É interessante pensar que os melhores programas do ano, até o momento, são dramas criminais. Isso, claro, na minha humilde opinião. Mas desde o surpreendente documentário da Netflix, Making a Murderer, vimos pelo menos mais três séries investigativas, em 2016, com uma qualidade impressionante.
Deixando um pouco de lado aspectos técnicos, todas essas séries conseguiram algo crucial para produtos que visam abocanhar um bom número de audiência: deixar o público desesperado pelo próximo episódio. American Crime Story, por exemplo, reconstruiu o julgamento de O.J Simpson de forma surpreendente; American Crime mostrou que a televisão aberta ainda pode produzir pequenas joias, e Fargo apareceu para mostrar que histórias pesadas podem ser carregadas de um humor negro genial.
Embora a HBO não viva mais seus anos louros de Família Soprano e Six Feet Under – ficando presa mais ao seu principal produto, Game Of Thrones – este ano o canal mostrou porque eles elevaram a televisão a um outro patamar. The Night Of é viciante.
Inspirada em uma série da BBC chamada Criminal Justice (2008), The Night Of segue o julgamento de Nazir Khan (Riz Ahmed). Após ter passado a noite na casa de uma jovem, Nazir acorda de madrugada e a encontra esfaqueada. Depois de tentar fugir em pânico, ele é acusado de homicídio e preso. Na delegacia, Nazir recebe ajuda do fracassado advogado Jack Stone (John Turturro), que sofre de eczema, deixando sua pele, digamos, nada atraente.
Assim como as séries citadas acima, The Night Of denuncia as complexas relações entre os casos analisados pela polícia, os procedimentos legais, o sistema criminal e a cruel vida dos detentos na penitenciária.

Embora a sinopse até cause uma sensação de dejá vu no espectador, o roteiro e a direção dos episódios conduzem o público de maneira impressionante. O primeiro episódio apresenta a série de forma inteligente. Cada frame, enquadramento e diálogo dizem alguma coisa que será explicada mais para frente. Ao final deste episódio, a série consegue facilmente estabelecer uma forte conexão para que as pessoas continuem assistindo os outros.
Interessante, também, é que o público fica no escuro, exatamente como os personagens. Ainda que o protagonista seja carismático, é angustiante perceber como ninguém, que supostamente deveria ajudá-lo, está realmente interessado em saber o que aconteceu de fato naquela noite. Enquanto o isso, o cruel sistema judicial americano vai corrompendo a alma de Nazir aos poucos.

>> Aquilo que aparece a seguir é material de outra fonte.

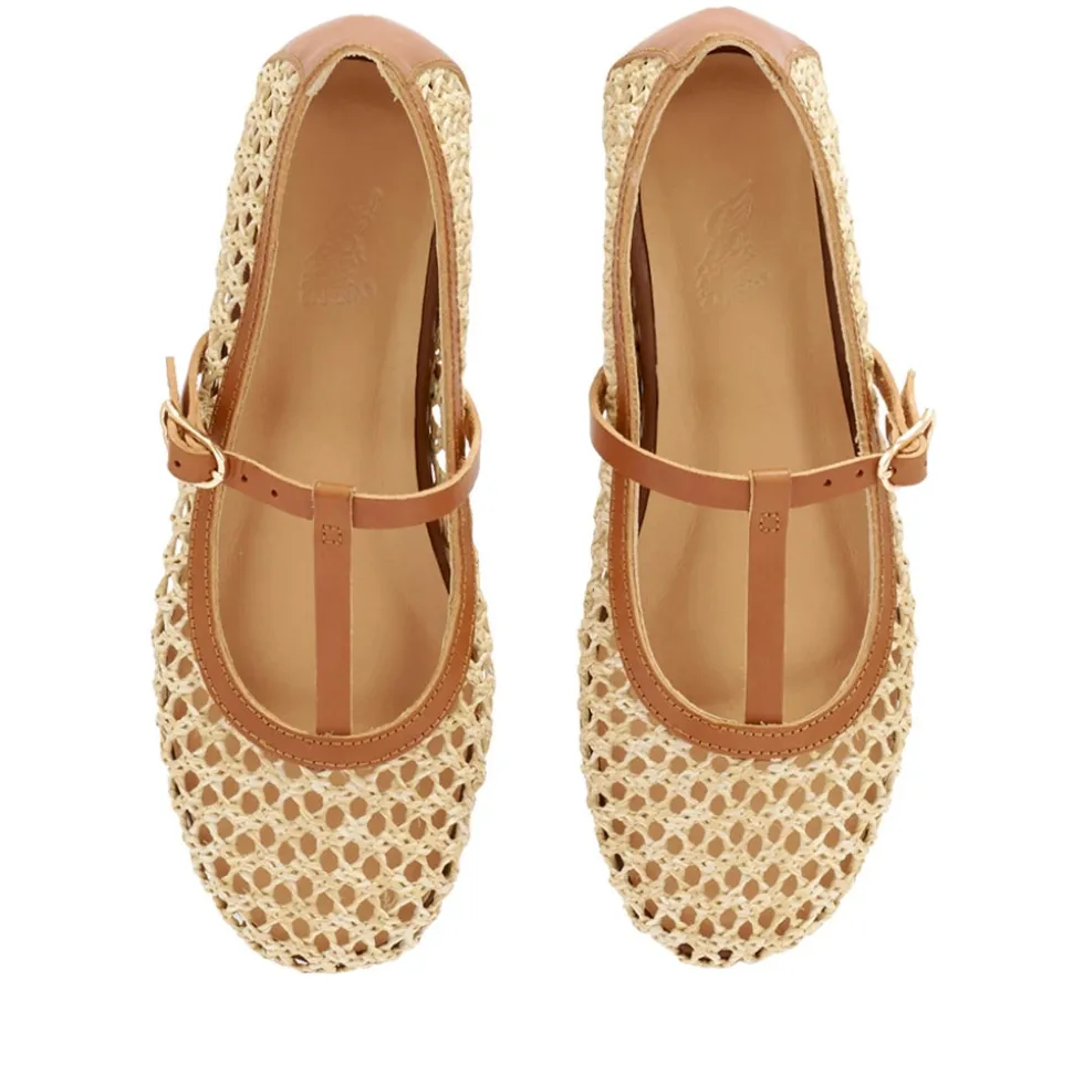 Aerati features a distinctive strap across the top and is available in a vachetta and raffia mix in natural tones. Perfect for the mid-season weather!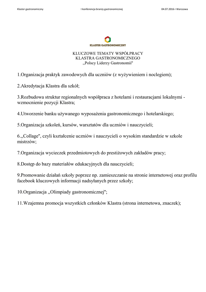 Klaster gastronomiczny I konferencja branży gastronomicznej 04.07.2016 r Warszawa KLUCZOWE TEMATY WSPÓŁPRACY KLASTRA GASTRONOMICZNEGO ,,Polscy Liderzy Gastronomii'' 1.Organizacja praktyk zawodowych dla uczniów (z wyżywieniem i noclegiem); 2.Akredytacja Klastra dla szkół; 3.Rozbudowa struktur regionalnych współpraca z hotelami i restauracjami lokalnymi wzmocnienie pozycji Klastra; 4.Utworzenie banku używanego wyposażenia gastronomicznego i hotelarskiego; 5.Organizacja szkoleń, kursów, warsztatów dla uczniów i nauczycieli; 6.,,Collage'', czyli kształcenie uczniów i nauczycieli o wysokim standardzie w szkole mistrzów; 7.Organizacja wycieczek przedmiotowych do prestiżowych zakładów pracy; 8.Dostęp do bazy materiałów edukacyjnych dla nauczycieli; 9.Promowanie działań szkoły poprzez np. zamieszczanie na stronie internetowej oraz profilu facebook kluczowych informacji nadsyłanych przez szkoły; 10.Organizacja ,,Olimpiady gastronomicznej''; 11.Wzajemna promocja wszystkich członków Klastra (strona internetowa, znaczek);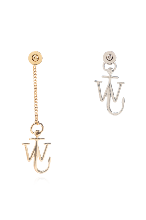 Gold-tone and silver-tone earrings from JW Anderson. Made of eco brass with an asymmetrical silhouette, they secure with push-back closures and showcase logo charms.

É um mistério perfeito, instigante e que, diferente das outras séries que preferem discutir os bastidores sem se importar tanto com a conclusão, o final importa.
E embora o roteiro seja muito bem escrito e as reviravoltas sejam empolgantes, é no próprio argumento principal que a série se sustenta tão bem. É um mistério perfeito, instigante e que, diferente das outras séries que preferem discutir os bastidores sem se importar tanto com a conclusão, o final importa. A atenção a todos os detalhes, especialmente no episódio piloto, consegue conectar o público até o final com uma direção firme.

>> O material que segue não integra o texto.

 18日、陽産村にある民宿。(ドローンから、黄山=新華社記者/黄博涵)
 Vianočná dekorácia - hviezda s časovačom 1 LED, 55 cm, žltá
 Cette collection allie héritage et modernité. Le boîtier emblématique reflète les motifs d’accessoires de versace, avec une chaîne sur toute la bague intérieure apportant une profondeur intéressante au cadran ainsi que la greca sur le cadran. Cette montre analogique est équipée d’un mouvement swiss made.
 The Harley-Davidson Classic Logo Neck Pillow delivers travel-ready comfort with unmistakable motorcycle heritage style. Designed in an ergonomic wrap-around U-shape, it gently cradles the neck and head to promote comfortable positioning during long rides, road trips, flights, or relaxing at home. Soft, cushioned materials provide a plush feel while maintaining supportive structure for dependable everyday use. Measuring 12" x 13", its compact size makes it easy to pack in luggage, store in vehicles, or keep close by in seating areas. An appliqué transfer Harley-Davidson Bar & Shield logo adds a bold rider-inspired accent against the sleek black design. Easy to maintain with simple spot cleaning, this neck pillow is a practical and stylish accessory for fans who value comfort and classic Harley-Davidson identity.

As cenas vão jogando pistas, trilhas para que o público olhe cada em canto sem piscar os olhos. Todas essas pistas, aliás, ligam o protagonista ao crime, a defesa parece estar fazendo um péssimo trabalho, mas há alguma coisa errada que ninguém está vendo. Essa dúvida deixa algo urgente na série, afinal, devemos confiar nas provas ou no conceito de hora errada, lugar errado?

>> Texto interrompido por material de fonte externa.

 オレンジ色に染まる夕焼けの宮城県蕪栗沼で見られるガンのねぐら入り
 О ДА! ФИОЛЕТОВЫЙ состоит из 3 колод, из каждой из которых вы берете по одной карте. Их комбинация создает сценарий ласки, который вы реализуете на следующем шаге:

E mesmo que o público se envolva facilmente com o drama de Nazir, quem rouba a cena é o personagem de John Turturro. Interpretando um advogado oportunista que provoca o asco de quase todos ao seu entorno (além de enfrentar sua própria auto-depreciação), John consegue mostrar sua solidão de forma bastante comovente. O ator também precisou enfrentar a pressão de interpretar um personagem que seria do grande James Gandolfini (Família Soprano), que morreu logo no começo das gravações.
A série ainda cresce quando acompanhamos a investigação da defesa e do Estado. Mesmo que o tema já tenha sido discutido em outras produções, é interessante refletirmos, mais uma vez, como o sistema sobrecarrega o homem comum. Os tribunais são caóticos, nada é glamouroso, a opinião pública é cruel, as prisões são feitas ilegalmente, os funcionários públicos estão sobrecarregados de trabalho, o que os leva a cometer decisões terríveis. Todos, indiretamente, são vítimas de um sistema corrupto e cruel. Independente da decisão final vista na série, Nazir já foi condenado e eternamente prejudicado, dentro da prisão ou não.

Mas nem tudo é certo em seus oito episódios. Assim, a única coisa fraca na série é quando o roteiro foca sua história de Nazir dentro da prisão. Veja, é bastante interessante assistir às transformação do personagem, vê-lo fazer coisas terríveis para poder sobreviver naquela micro-sociedade. Porém, nada disso convence.
Vemos algumas cenas bastante clichês, como a tatuagem de “pecado” (sin, em inglês) nos dedos, ou aquele indivíduo da prisão que manda em todos e é o chefe do lugar. Tudo isso envolve a audiência, já que começamos a perceber que Nazir não é tão bacana assim, mas enfraquece sua narrativa ao trabalhar com cenas bastante batidas.
Mas tirando o pequeno deslize, The Night Of é, enfim, a vida real e acinzentada de todos nós. Tudo na série é muito frio, tedioso e deixa o espectador sempre na pele do protagonista. O ritmo é lento, mas sem ser chato, o silêncio é usado de maneira sufocante e o roteiro consegue concluir a história de maneira bastante eficiente, sem nenhum final feliz. É, enfim, mais um grande drama da televisão em 2016 e que promete fazer bonito no Emmy do próximo ano.